Ta mère. Dis-lui que tu la détestes.
Papa est menaçant. Je ne respire plus. »
Au fil des jours, l’écart se creuse entre Ilaria et les personnes qu’elle observe, depuis la voiture, ou sur des aires de stationnement : « Des gamins courent. Attention, regarde avant de traverser ! crient leurs mères. Les familles qui défilent me paraissent parfaites, lavées, coiffées, repassées, elles vont quelque part de précis. Où allons-nous ? » Ilaria se voit privée du quotidien de l’enfance, si précieux, pour se retrouver ballotée dans des mouvements imprévisibles qui pourtant ne cessent de se répéter, l’arrivée dans un endroit inconnu, une chambre parmi tant d’autres prêtée dans un bar, ou un hôtel, un couple d’amis, la grand-mère paternelle… Les heures passées en voiture représentent bien la manière dont l’enfant est contrainte, immobilisée, et pourtant prise dans une fuite en avant contre laquelle elle ne peut rien, subissant en silence les incertitudes et les angoisses : « La chambre devient un trou à temps. On ne sort plus. Papa ne dort plus, se tourne et se retourne dans son lit, allume la lumière, parle seul, crie, m’interdit de lui répondre… Il dit ça entre ses dents. Il fume beaucoup. L’air de la chambre est irrespirable. Je serre Birillo contre moi et remonte le drap sur nos têtes. Depuis ma tentative de parler à Maman, depuis que la dame du standard m’a vendue, Papa boit beaucoup et me regarde, méfiant. Il dit que je l’ai trahi, qu’il ne me fait plus confiance. Il dit, Telle mère, telle fille. »
Dans un état de vigilance permanente, Ilaria remarque tous les signaux qui la renvoient au caractère anormal de la situation. Et ce dès le moment où elle note la moiteur de la main de son père. La langue du récit restitue cette attention de la petite fille au réel, sa très grande sensibilité à ce qu’elle voit, à ce qu’elle entend : « Depuis quelques semaines, Papa s’excite pour un rien. Il dit qu’il ne supporte pas l’hiver, qu’il ne supporte pas le manque de lumière. Des fois, sa colère est telle que je vois voler des boules de pétanque au-dessus de ma tête. Je frissonne, je me bouche les oreilles. L’autre jour, il m’a appelée comme Maman, Antonia. » Vue à hauteur d’enfant, la situation gagne en tragique et paradoxalement en légèreté. Une distance s’installe grâce au regard que pose Ilaria sur le monde qui l’entoure, par la très grande attention qu’elle porte à ce qu’elle voit, ce qu’elle sent. Le récit est parfois quasiment photographique, et l’écrivaine lui donne cette simplicité grave du regard de l’enfant qui voit tout, qui remarque tout, mais qui pour autant, dans cette gravité de l’observation et de l’intuition, sait aussi se parer de la légèreté et de l’innocence propres à cette période de la vie.

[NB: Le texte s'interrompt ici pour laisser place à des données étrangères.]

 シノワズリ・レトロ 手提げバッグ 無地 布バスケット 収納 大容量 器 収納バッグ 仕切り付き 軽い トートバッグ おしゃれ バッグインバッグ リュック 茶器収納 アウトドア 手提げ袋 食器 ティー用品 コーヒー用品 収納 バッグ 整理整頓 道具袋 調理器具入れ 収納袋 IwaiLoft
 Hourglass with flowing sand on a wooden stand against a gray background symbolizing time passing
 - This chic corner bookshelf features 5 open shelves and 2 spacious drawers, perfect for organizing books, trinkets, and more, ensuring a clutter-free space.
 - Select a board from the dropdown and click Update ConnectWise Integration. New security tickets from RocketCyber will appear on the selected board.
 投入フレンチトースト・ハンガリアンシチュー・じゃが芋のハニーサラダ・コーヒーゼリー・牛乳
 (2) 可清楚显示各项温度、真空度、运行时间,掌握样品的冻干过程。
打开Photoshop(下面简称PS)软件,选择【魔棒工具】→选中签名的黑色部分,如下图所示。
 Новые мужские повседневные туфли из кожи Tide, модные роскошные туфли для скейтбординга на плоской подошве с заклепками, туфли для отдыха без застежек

La prose simple de Gabriella Zalapì et la manière dont elle utilise l’ellipse, les blancs qu’elle laisse sur la page, une forme de concision également, donnent une très grande intensité au récit. La parole intérieure de la petite fille décrit incessamment son père, qu’on ne connaît que par son truchement, et par les télégrammes qui sont restitués dans la narration : « Ton téléphone fonctionne parfaitement. STOP. Pourquoi bloquer le contact. STOP. Le père de tes enfants. STOP. » Alors qu’elle est la narratrice, c’est le silence d’Ilaria qui nous étreint. Et en écho, celui de cette mère dont on peut deviner l’angoisse et le désespoir alors qu’elle sait sa fille livrée à cet homme qui ne peut s’intéresser à rien d’autre qu’à son obsession pour Antonia.

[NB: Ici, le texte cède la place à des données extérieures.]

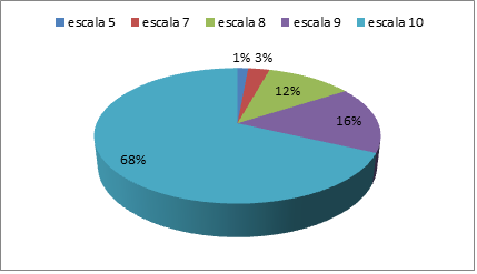 Para se aprofundar em relação ao uso de EPI’s realizamos uma questão para o entrevistado informar em uma escala de 0 a 10 o quanto se sentiria seguro se o profissional fizer o uso de EPI’s (Equipamento de Proteção Individual), como máscara, luvas, touca, jalecos, materiais descartáveis durante o procedimento, onde o resultado demonstra que aproximadamente 70% atribuiu escala 10 em relação à importância desses equipamentos (Figura 5).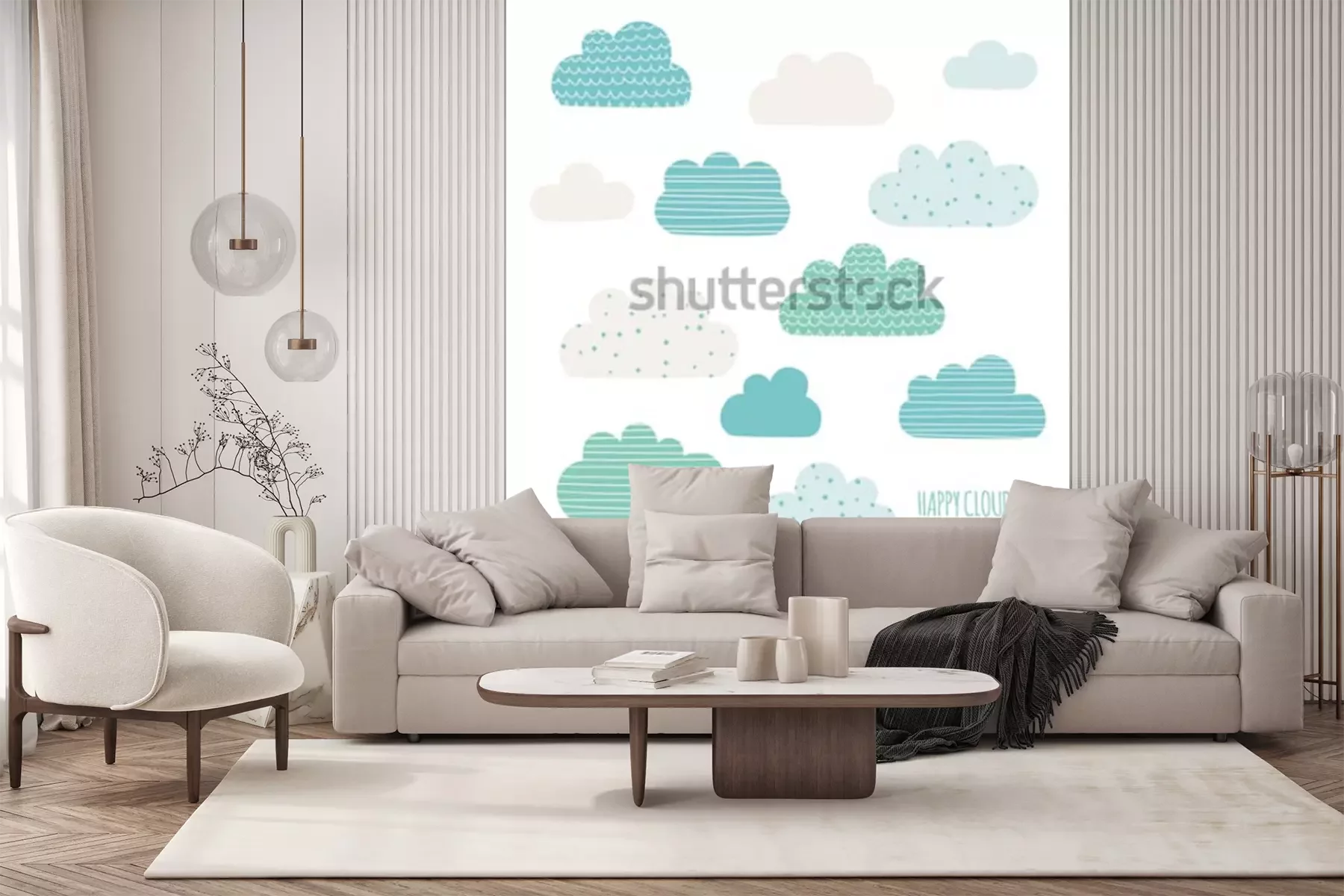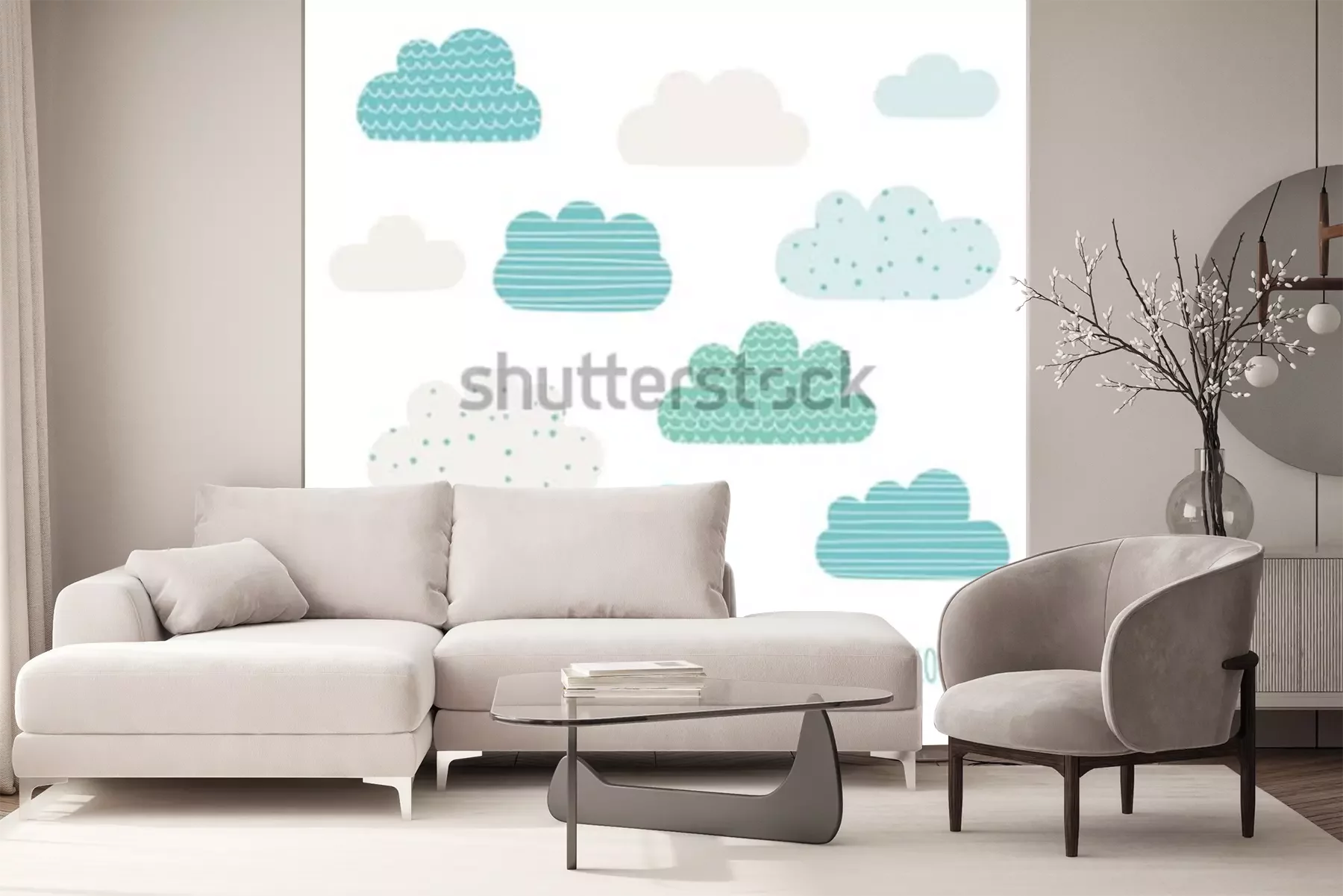 Sticker Satz niedliche Wolken. Design für Kinder. Vektorillustration

Ilaria ou la conquête de la désobéissance confirme l’immense talent de Gabriella Zalapì, qui sait aller au plus intime sans jamais trahir ses personnages, et sans jamais se trahir elle-même. On imagine combien la petite Ilaria a accompagné l’autrice dans l’écriture de ce récit qui rappelle que l’enfance, prise dans l’impuissance face aux adultes et à leurs passions délirantes, possède pourtant une puissance de vie incommensurable. Incontestablement, l’écriture ici en témoigne avec force.